# Scouts and Terms



## Royalaid (Jun 5, 2009)

Hey all, I am thinking about purchasing scouts to complement my Grey Knight Terminators and am in between on which to get, that being normal or sniper scouts. My current plan is either to get regular scouts with teleport homer and and infiltrate, fairly straight foreword. My other option is to take scouts with sniper rifles and put them in with my Thunderfire Cannon giving them effectively a +2 cover save with Bloster Defenses + the cloak they have and then deep strike the GKT just outside of the building.

What I want to know is if either of these plans are feasible or if they should be modified. Just so your all aware my army is mainly ranged.


----------



## Taggerung (Jun 5, 2008)

My experience is that normal bolter scouts are terrible.

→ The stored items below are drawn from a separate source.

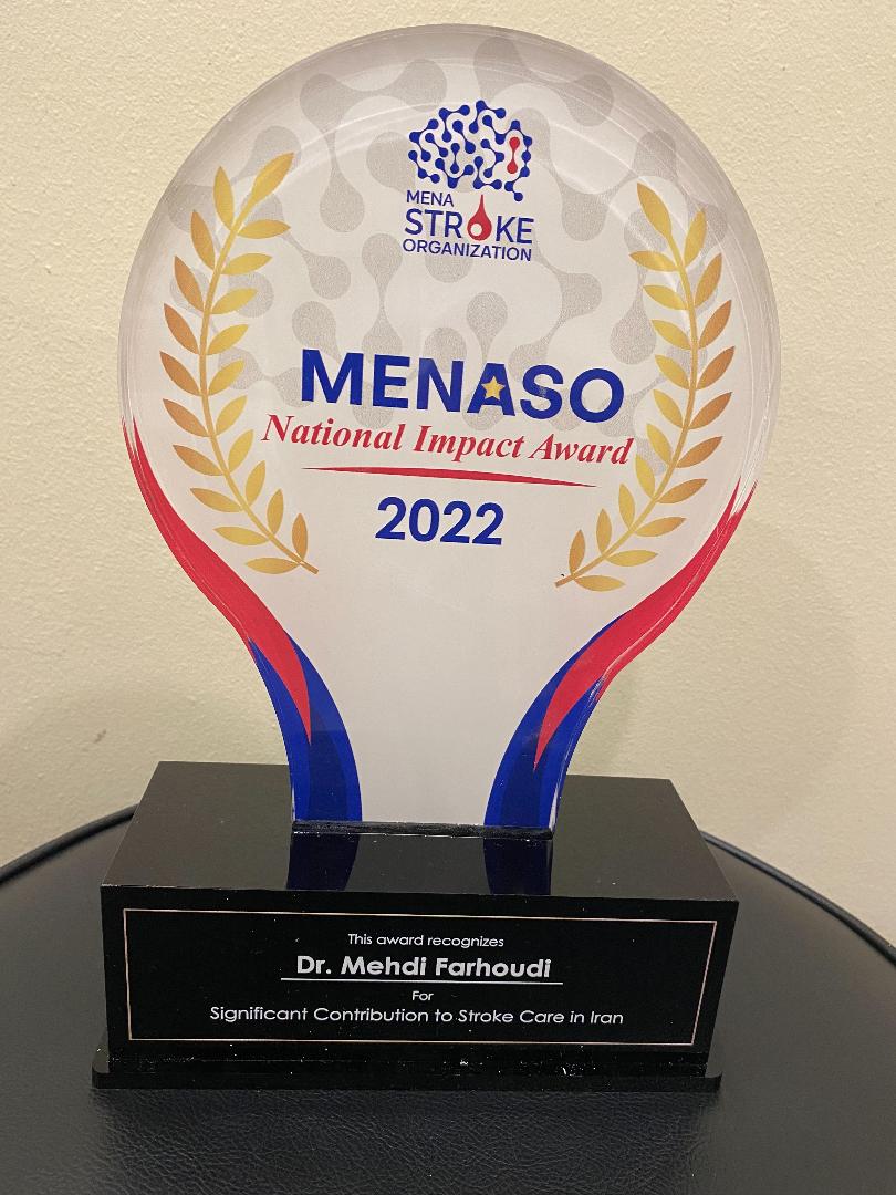 جایزه ای به نمایندگی از دانشگاه علوم پزشکی تبریز وانجمن سکته مغزی کوثر وتمام فعالان عرصه سکته مغزی به این جانب اعطا شد تحت عنوان national impact awardکه بیانگر تاثیرگذاری قابل توجه در کشور در حوزه سکته مغزی است.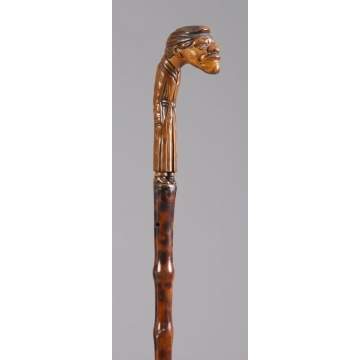 | Man w/cap, hands in pockets. Nice original patina, original ferrule, metal band repaired. Ht. 34 1/2" Est. $500-$800 |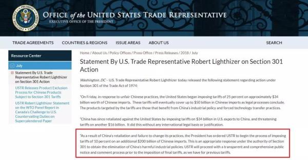 第二,強(qiáng)調(diào)中國(guó)不聽勸,未按其要求“限期整改”——聲明稱,過(guò)去一年,特朗普政府“耐心”敦促中國(guó)停止原有做法、開放市場(chǎng)、參與真正的市場(chǎng)競(jìng)爭(zhēng),并給出了“清晰和詳細(xì)”的具體改變要求,但中國(guó)“并未改變令美國(guó)經(jīng)濟(jì)未來(lái)處于風(fēng)險(xiǎn)的行為”,反而開始報(bào)復(fù)美國(guó)產(chǎn)品,這樣做“缺乏任何國(guó)際法理基礎(chǔ)或理由”。所以他們覺(jué)得,原有的力度不夠了,要再加加碼,“這是美國(guó)在301條款授權(quán)下對(duì)消除中國(guó)‘有害’產(chǎn)業(yè)政策做出的合適回應(yīng)”。(就奇怪怎么這個(gè)301條款哪兒哪兒都好使?)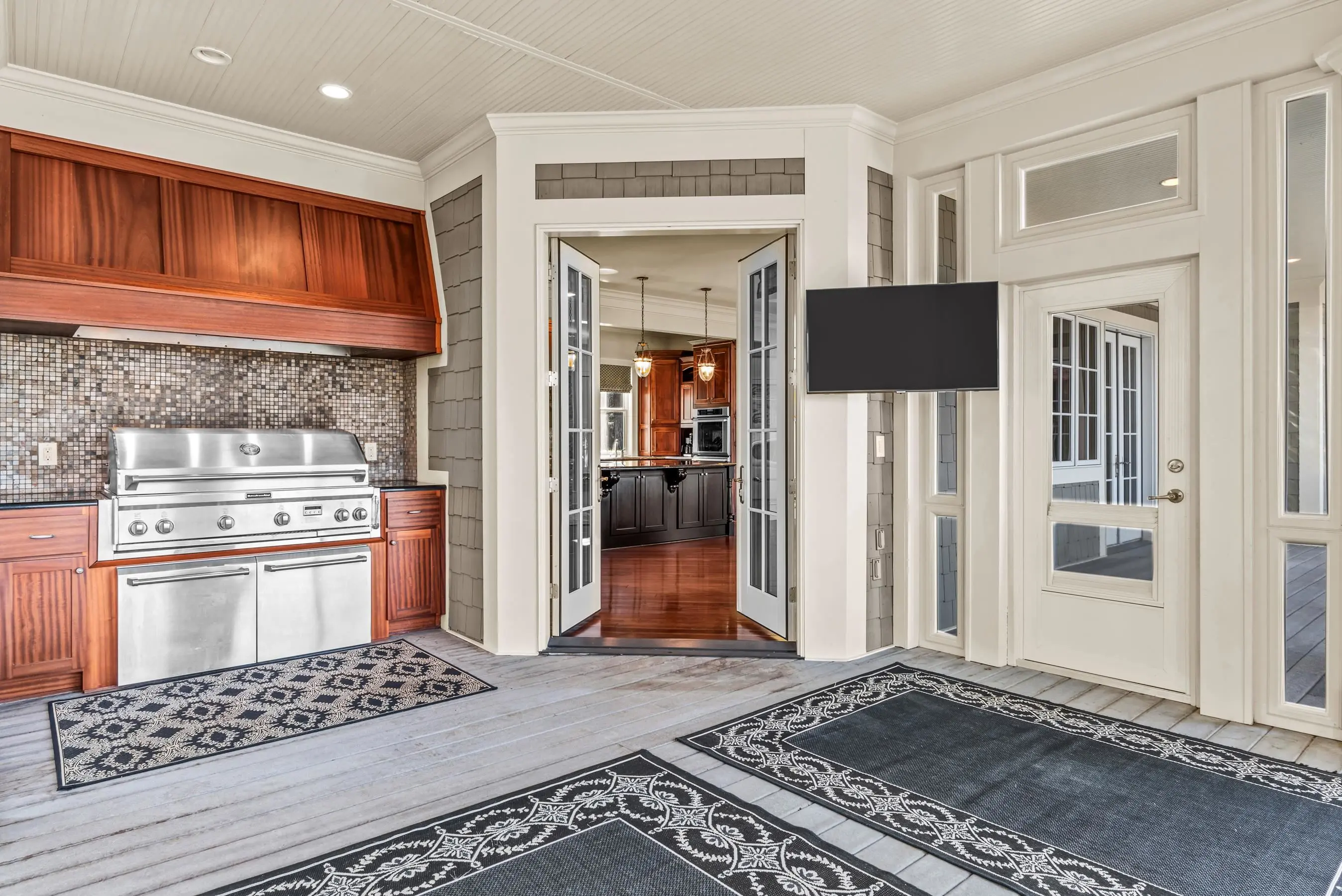 - Exterior FeaturesCovered Deck, Covered Patio, Screened Porch, Storage Room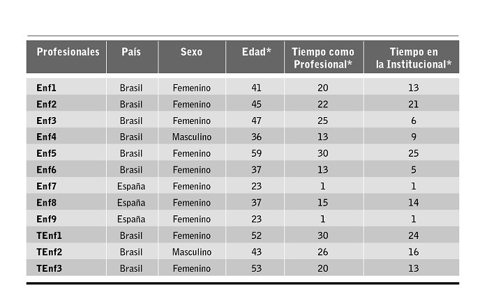 La población de estudio estuvo compuesta por profesionales del equipo de enfermería y la muestra se estableció por conveniencia, mediante invitación directa a los informantes. Ésta estuvo conformada por 12 profesionales y el tamaño muestral no estaba preestablecido, es decir, no se buscaba la representatividad estadística sino la teórica, de manera que cuando se alcanzó la saturación de datos se detuvo la recogida de los mismos. Los criterios de inclusión fueron profesionales del equipo enfermería con uno o más años de experiencia en la institución donde trabajan, en los diferentes turnos de atención, que realizaron sus actividades durante el período de recolección de datos. Los criterios de exclusión aplicables fueron no proporcionar asistencia directa a los pacientes durante el período de investigación.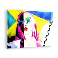Üveg kép - Stílusos nő kalapban és akvarell stílusú szemüvegben - 70x50cm - Florida üdvözli Önt! - Modern fali dekoráció nappalihoz és hálószobához ARTTOR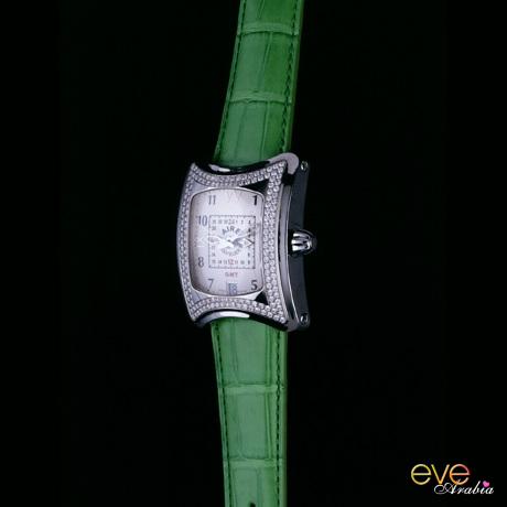 ساعة يد مصنوعة من الجلد الطبيعى الأخضر اللون, مرصعة بفصوص الألماس الصغيرة البيضاء اللون, وتصلح للنساء والفتيات فى كل الأوقات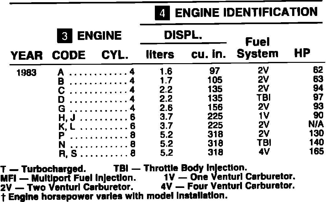 4 ENGINE IDENTIFICATION: On the line where the engine code appears, read to the right to identify the engine.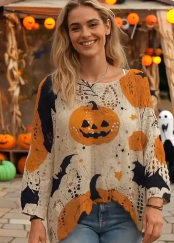 Celebrate the season in style with the Halloween Pumpkin Print Knit! Featuring a cozy, breathable knit fabric, this fun and festive top showcases playful pumpkin, bat, and spiderweb designs. With its relaxed fit, it’s perfect for layering or wearing on its own, making it the ultimate piece for embracing the spooky spirit of Halloween.

Either hand to hand scouts out flanking with a hidden power fist or snipers up in a tower or hill. Those are the best bets.


----------



## Someguy (Nov 19, 2007)

I find that a land speeder storm and a power fist are the best things you can give to scouts. Mine have been doing great things for me. However, with the model for the storm out soon, people are probably going to figure out how to fight against them sooner or later.


----------



## Royalaid (Jun 5, 2009)

I was thinking about using the land speeder storm but I feel that it is going to get taken out to fast. I think I am going to go with the snipers because it makes no sense to charge uselessly against Orks or Tyranids, I will just rain down hell from the sky. Or I could get a Ironclad Dread and drop him in the deep strike the terms in after that, I don't know, still toying with it.


----------



## Mukrat (Aug 18, 2008)

A scout squad with a locater beacon on a Storm will let you Deep Strike without error anywhere on the table in the first turn.


----------



## Royalaid (Jun 5, 2009)

Can't bring reserves in on the first turn from what I remember


----------



## Master_Caleb (Jan 5, 2009)

Royalaid said:


> Can't bring reserves in on the first turn from what I remember


Drop pod special rules allow you to bring one in turn one. With infiltrate, and beacon you can basically drop it anywhere on the field without worry (although you still suffer mishaps from table edges...) My group plays it that if they go off they just go to reserves, but by RAW you have to roll... xD

Thanks,

~MC


----------



## mrrshann618 (Jun 6, 2008)

Well before this edition of rules, a CCW scout team w/ Pf and beacon were a part of just about every force for my Salamanders. Drop a 5 man Termi w/ 2 Hvy Flamers right where I need them.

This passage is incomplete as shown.